* **INPUT DATA**
══════════

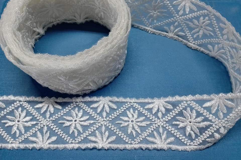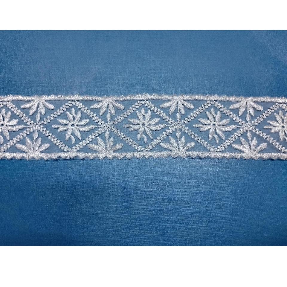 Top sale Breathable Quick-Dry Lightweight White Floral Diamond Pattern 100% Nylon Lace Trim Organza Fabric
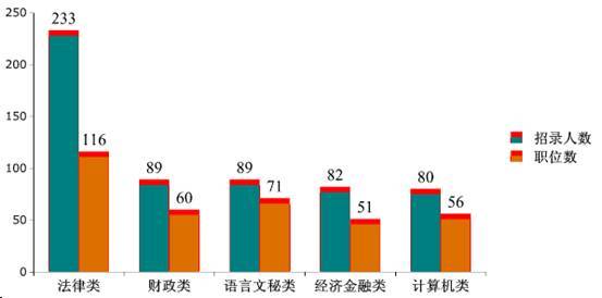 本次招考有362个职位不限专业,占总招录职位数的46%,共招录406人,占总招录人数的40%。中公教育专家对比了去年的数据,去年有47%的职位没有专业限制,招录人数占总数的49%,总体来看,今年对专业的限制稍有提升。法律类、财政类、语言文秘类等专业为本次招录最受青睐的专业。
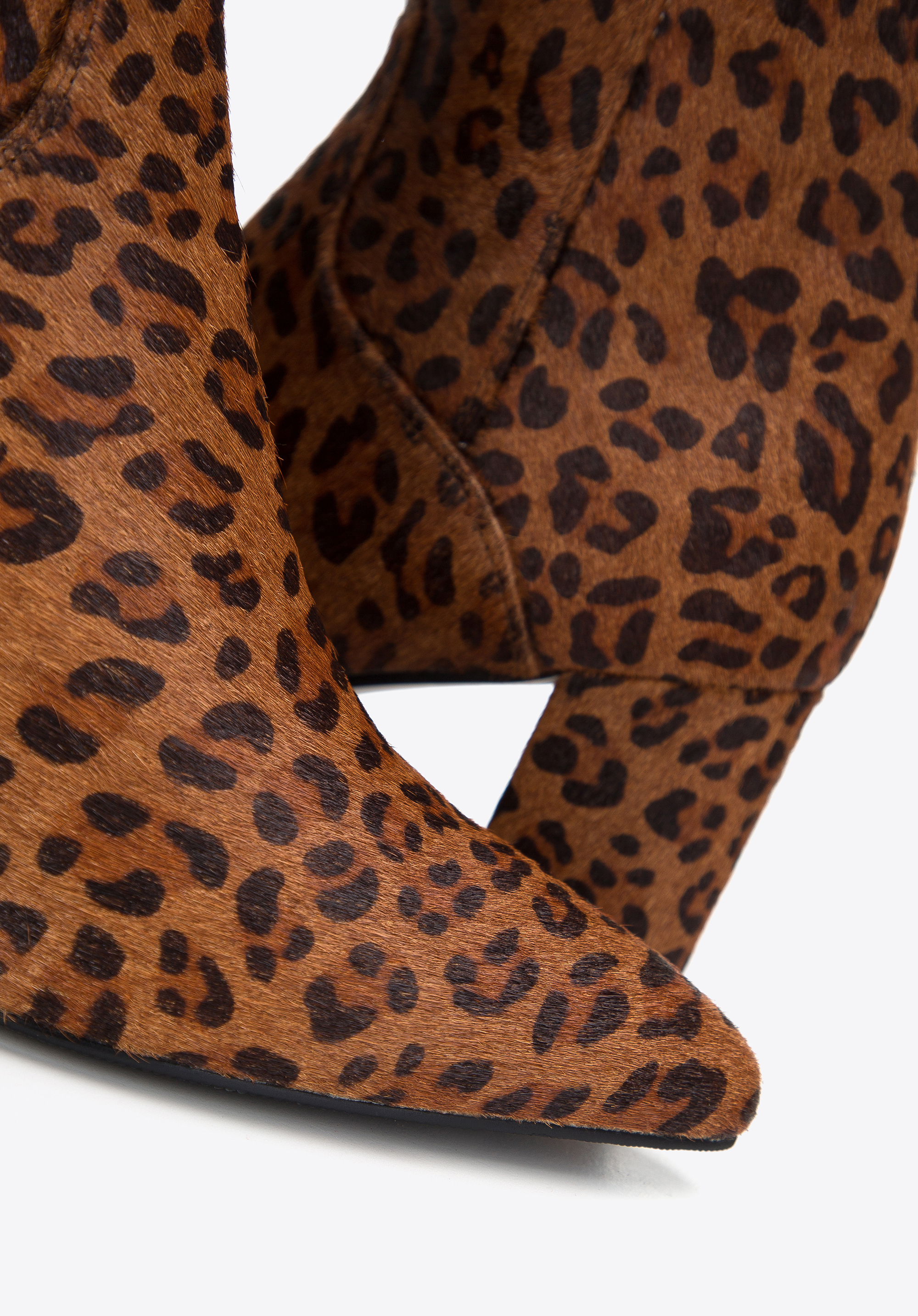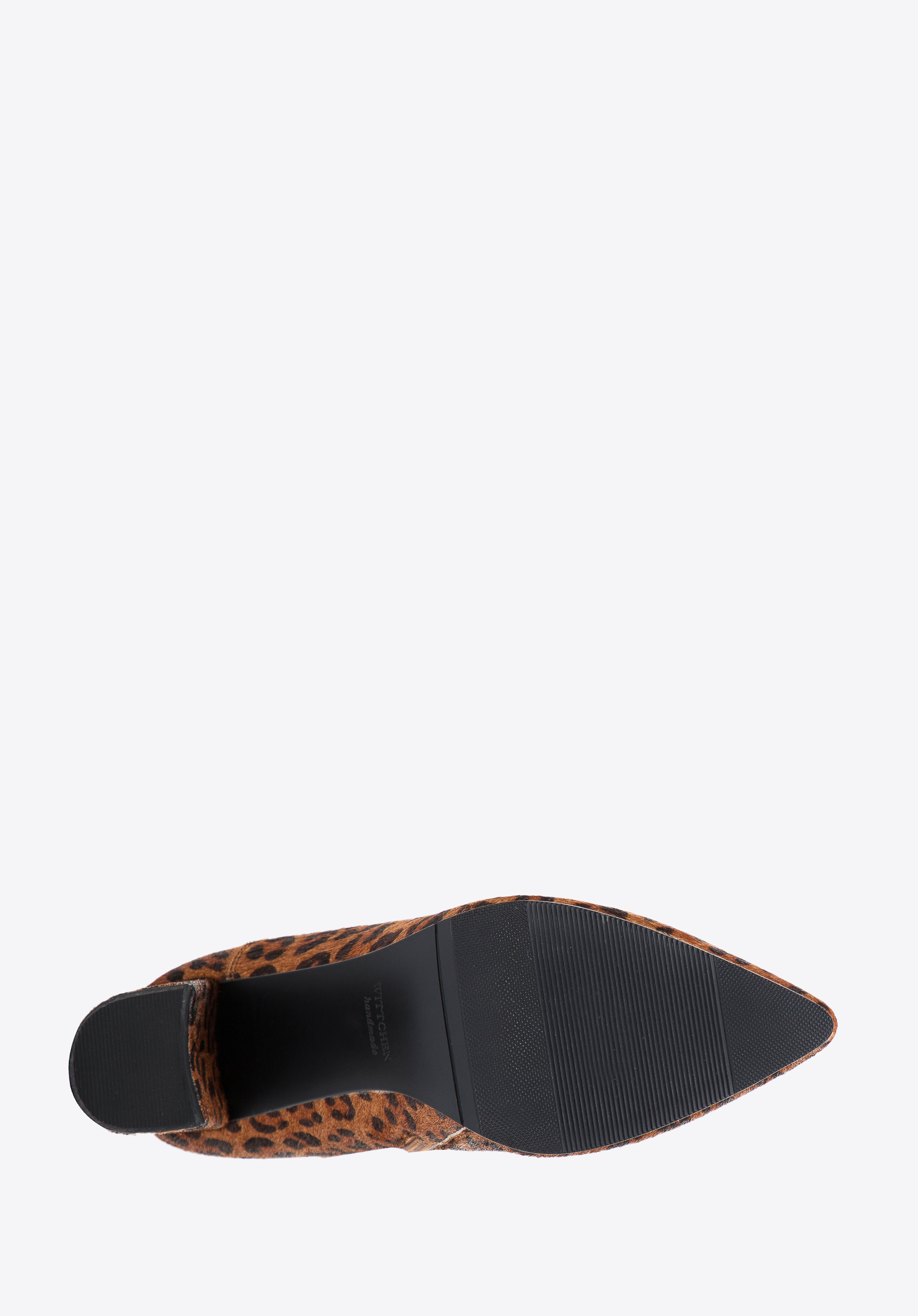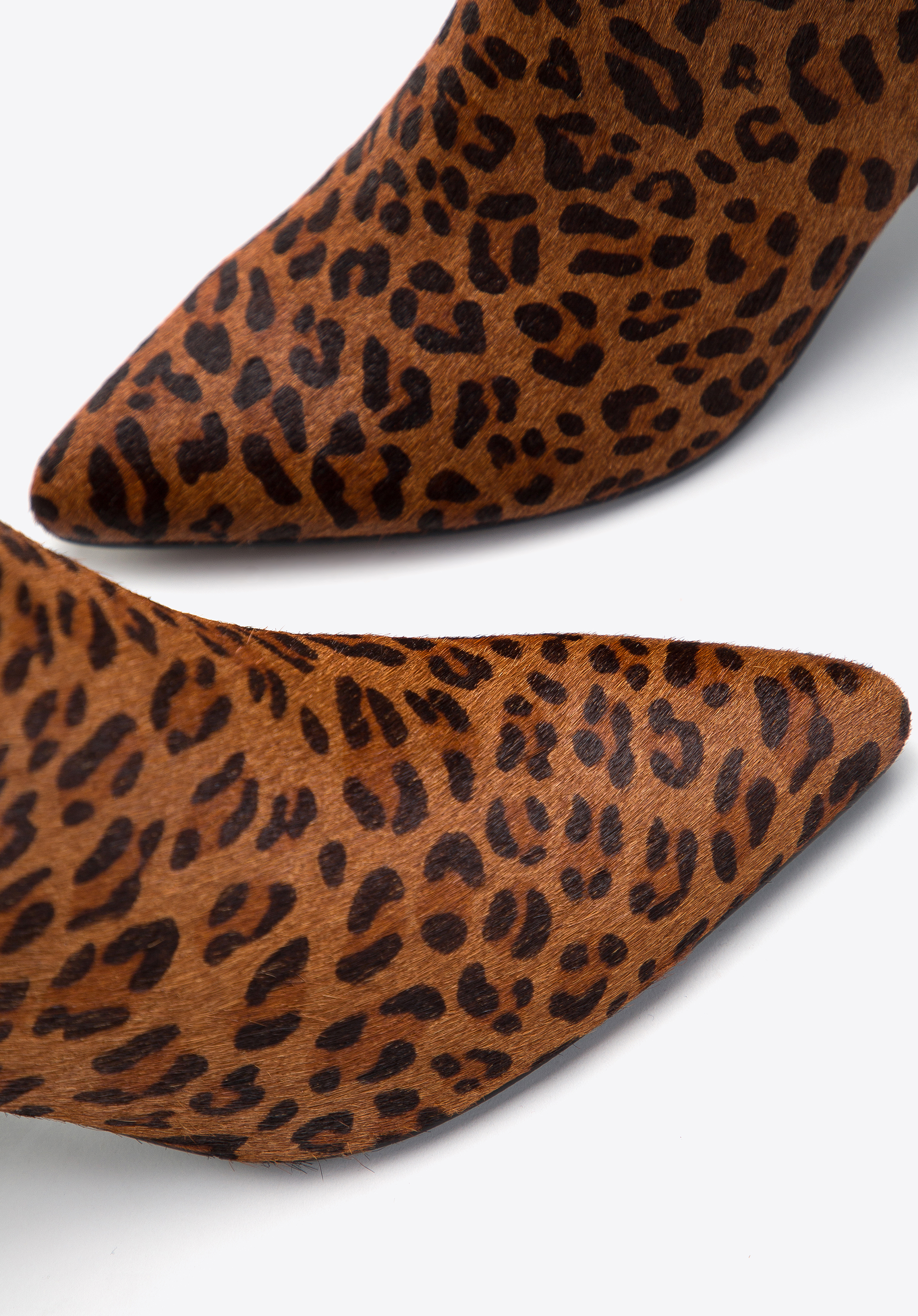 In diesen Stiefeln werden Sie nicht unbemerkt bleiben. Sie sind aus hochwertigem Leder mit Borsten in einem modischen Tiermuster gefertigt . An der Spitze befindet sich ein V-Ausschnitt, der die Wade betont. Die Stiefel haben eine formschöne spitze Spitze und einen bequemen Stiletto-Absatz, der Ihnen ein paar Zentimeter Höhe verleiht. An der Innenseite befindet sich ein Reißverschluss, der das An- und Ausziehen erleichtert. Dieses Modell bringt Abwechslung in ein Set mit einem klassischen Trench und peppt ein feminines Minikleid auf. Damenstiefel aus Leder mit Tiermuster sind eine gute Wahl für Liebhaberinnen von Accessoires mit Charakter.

══════════

Each line above is to be repeated exactly as written; no picture is carried over.

 Top sale Breathable Quick-Dry Lightweight White Floral Diamond Pattern 100% Nylon Lace Trim Organza Fabric
 本次招考有362个职位不限专业,占总招录职位数的46%,共招录406人,占总招录人数的40%。中公教育专家对比了去年的数据,去年有47%的职位没有专业限制,招录人数占总数的49%,总体来看,今年对专业的限制稍有提升。法律类、财政类、语言文秘类等专业为本次招录最受青睐的专业。
 In diesen Stiefeln werden Sie nicht unbemerkt bleiben. Sie sind aus hochwertigem Leder mit Borsten in einem modischen Tiermuster gefertigt . An der Spitze befindet sich ein V-Ausschnitt, der die Wade betont. Die Stiefel haben eine formschöne spitze Spitze und einen bequemen Stiletto-Absatz, der Ihnen ein paar Zentimeter Höhe verleiht. An der Innenseite befindet sich ein Reißverschluss, der das An- und Ausziehen erleichtert. Dieses Modell bringt Abwechslung in ein Set mit einem klassischen Trench und peppt ein feminines Minikleid auf. Damenstiefel aus Leder mit Tiermuster sind eine gute Wahl für Liebhaberinnen von Accessoires mit Charakter.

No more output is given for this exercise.